— INFORMATION SHOWN —
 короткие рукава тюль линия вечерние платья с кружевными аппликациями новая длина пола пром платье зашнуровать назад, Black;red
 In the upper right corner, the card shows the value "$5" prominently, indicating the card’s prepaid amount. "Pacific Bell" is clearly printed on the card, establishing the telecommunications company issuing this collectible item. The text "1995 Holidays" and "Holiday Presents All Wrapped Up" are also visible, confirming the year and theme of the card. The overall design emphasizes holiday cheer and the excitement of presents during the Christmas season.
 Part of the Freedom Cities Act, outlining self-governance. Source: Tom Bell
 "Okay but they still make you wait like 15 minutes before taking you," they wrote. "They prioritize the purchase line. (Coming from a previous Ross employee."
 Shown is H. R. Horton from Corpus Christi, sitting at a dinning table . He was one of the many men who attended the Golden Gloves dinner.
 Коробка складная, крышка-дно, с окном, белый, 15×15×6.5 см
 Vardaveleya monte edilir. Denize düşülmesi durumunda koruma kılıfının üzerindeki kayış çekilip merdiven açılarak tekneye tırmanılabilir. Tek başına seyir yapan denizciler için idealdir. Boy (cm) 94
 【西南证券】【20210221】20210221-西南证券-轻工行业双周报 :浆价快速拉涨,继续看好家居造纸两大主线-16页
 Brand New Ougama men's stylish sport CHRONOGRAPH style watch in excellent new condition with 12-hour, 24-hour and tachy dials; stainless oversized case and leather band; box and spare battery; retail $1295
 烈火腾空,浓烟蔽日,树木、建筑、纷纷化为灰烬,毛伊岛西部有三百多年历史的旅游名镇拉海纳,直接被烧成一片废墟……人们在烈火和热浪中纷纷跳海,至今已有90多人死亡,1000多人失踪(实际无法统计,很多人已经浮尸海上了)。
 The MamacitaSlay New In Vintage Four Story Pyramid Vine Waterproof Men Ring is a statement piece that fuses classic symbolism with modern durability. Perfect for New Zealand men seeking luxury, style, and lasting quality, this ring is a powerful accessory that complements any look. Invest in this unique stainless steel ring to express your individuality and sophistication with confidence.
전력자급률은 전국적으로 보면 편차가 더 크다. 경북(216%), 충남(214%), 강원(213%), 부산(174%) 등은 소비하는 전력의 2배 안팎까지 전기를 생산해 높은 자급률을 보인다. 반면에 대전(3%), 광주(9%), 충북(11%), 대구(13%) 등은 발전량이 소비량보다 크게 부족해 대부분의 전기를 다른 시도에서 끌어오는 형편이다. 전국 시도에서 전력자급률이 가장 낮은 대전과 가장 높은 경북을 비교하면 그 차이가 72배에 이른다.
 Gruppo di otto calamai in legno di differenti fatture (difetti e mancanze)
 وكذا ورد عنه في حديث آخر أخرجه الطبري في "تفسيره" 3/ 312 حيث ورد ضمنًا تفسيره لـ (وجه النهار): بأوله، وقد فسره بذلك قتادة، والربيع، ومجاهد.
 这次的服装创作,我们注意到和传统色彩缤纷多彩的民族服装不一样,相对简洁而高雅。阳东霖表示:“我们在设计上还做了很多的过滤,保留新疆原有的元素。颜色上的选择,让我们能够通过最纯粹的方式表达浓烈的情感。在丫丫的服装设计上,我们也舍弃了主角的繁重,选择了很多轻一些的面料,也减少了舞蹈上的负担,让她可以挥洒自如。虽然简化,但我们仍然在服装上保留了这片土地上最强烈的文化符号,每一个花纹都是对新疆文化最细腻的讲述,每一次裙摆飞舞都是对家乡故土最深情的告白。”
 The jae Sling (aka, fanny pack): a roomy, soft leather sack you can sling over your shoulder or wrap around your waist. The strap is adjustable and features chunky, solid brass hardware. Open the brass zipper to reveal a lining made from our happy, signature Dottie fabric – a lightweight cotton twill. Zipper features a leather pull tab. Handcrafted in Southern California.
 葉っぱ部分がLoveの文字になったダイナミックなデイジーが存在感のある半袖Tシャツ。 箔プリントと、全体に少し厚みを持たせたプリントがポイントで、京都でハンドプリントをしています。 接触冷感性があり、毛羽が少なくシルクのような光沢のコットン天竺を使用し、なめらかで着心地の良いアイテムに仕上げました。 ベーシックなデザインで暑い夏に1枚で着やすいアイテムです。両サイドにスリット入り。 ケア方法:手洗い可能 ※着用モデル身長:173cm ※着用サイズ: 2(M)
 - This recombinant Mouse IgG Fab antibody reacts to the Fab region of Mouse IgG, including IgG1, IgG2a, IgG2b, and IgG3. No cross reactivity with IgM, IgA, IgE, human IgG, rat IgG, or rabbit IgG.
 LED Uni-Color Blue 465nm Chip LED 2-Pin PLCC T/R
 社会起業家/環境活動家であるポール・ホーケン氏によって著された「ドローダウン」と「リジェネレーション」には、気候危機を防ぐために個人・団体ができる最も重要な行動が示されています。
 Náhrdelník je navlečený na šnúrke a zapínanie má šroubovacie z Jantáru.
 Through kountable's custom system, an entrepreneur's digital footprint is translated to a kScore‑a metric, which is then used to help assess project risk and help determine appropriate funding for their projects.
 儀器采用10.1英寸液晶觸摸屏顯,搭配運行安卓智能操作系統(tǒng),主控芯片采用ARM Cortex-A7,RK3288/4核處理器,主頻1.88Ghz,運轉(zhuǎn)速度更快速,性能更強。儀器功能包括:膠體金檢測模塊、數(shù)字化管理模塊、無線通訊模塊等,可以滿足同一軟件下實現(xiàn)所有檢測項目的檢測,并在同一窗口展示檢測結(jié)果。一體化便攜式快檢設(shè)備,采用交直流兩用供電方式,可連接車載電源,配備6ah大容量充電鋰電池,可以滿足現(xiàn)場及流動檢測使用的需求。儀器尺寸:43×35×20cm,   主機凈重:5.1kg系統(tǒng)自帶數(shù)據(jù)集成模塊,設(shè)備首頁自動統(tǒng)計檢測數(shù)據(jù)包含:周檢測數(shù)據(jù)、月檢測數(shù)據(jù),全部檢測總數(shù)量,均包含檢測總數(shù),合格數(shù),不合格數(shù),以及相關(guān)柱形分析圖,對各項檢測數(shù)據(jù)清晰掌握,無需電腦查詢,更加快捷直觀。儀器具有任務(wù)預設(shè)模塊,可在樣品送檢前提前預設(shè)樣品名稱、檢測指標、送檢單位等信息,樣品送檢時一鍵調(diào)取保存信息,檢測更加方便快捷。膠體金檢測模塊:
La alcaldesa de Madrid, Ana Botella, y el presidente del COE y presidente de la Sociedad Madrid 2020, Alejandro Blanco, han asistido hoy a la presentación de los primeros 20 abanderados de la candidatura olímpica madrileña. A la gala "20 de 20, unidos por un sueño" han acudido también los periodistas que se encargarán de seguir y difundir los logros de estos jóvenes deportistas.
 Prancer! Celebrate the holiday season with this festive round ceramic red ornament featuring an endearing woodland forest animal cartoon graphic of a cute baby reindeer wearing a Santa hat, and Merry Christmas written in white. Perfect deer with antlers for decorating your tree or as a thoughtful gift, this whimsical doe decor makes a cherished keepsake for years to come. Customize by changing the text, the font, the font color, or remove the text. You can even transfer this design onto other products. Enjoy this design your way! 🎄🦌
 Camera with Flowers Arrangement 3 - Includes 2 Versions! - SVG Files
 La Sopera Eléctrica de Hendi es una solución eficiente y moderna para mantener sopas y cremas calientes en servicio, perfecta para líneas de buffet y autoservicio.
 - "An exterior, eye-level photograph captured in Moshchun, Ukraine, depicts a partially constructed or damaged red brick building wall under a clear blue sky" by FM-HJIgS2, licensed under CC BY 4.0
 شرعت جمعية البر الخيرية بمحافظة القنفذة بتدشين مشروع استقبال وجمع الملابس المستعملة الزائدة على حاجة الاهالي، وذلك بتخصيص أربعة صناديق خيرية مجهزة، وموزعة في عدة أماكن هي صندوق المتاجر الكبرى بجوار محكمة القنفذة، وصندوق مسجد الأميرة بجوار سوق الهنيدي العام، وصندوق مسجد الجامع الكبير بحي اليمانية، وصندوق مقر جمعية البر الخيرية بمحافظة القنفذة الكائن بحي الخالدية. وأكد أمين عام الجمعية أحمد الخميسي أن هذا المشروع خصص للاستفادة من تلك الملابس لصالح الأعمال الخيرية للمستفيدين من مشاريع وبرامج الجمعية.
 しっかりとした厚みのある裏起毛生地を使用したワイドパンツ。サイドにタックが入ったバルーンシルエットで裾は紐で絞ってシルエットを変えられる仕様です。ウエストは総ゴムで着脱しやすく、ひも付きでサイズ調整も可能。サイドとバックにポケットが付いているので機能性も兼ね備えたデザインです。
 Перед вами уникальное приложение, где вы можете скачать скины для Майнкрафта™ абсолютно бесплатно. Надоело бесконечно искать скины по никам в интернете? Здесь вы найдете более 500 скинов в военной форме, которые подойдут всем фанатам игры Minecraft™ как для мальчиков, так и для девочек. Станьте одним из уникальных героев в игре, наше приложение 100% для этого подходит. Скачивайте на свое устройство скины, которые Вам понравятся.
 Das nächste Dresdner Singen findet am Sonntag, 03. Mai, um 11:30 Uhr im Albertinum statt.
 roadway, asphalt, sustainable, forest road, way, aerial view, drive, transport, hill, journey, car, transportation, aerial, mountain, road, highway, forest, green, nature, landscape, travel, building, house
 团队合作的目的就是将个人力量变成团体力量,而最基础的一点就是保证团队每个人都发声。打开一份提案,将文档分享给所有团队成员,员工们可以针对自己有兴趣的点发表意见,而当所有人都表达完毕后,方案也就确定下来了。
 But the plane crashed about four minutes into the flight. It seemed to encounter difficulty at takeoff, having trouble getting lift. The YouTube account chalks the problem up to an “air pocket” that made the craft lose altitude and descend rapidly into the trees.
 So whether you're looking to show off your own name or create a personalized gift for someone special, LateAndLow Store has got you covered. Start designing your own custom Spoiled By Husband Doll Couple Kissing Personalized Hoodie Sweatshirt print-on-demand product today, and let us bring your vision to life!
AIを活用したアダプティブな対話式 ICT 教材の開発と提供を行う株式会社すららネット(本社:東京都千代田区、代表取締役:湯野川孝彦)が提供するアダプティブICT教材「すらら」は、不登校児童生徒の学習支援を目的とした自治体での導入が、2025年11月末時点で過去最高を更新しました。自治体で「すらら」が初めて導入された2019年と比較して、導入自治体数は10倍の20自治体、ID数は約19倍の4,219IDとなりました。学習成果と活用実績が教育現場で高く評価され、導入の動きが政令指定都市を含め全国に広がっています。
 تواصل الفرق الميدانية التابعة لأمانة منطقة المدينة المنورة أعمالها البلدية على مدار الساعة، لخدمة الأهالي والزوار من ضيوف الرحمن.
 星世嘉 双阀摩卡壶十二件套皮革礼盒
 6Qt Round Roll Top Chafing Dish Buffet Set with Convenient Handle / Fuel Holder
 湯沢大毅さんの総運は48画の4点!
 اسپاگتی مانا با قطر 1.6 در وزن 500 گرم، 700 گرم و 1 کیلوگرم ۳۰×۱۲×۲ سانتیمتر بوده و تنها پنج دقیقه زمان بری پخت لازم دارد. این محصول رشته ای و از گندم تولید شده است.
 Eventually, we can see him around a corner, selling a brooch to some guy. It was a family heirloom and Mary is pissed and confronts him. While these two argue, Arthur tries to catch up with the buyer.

— TASK BRIEF —
Send back exactly the lines of the listing above starting at the one with "Brand New Ougama" and ending at the one with "烈火腾空,浓烟蔽日,树木、建", inclusive, and no others.

— EXERCISE RESPONSE —
 Brand New Ougama men's stylish sport CHRONOGRAPH style watch in excellent new condition with 12-hour, 24-hour and tachy dials; stainless oversized case and leather band; box and spare battery; retail $1295
 烈火腾空,浓烟蔽日,树木、建筑、纷纷化为灰烬,毛伊岛西部有三百多年历史的旅游名镇拉海纳,直接被烧成一片废墟……人们在烈火和热浪中纷纷跳海,至今已有90多人死亡,1000多人失踪(实际无法统计,很多人已经浮尸海上了)。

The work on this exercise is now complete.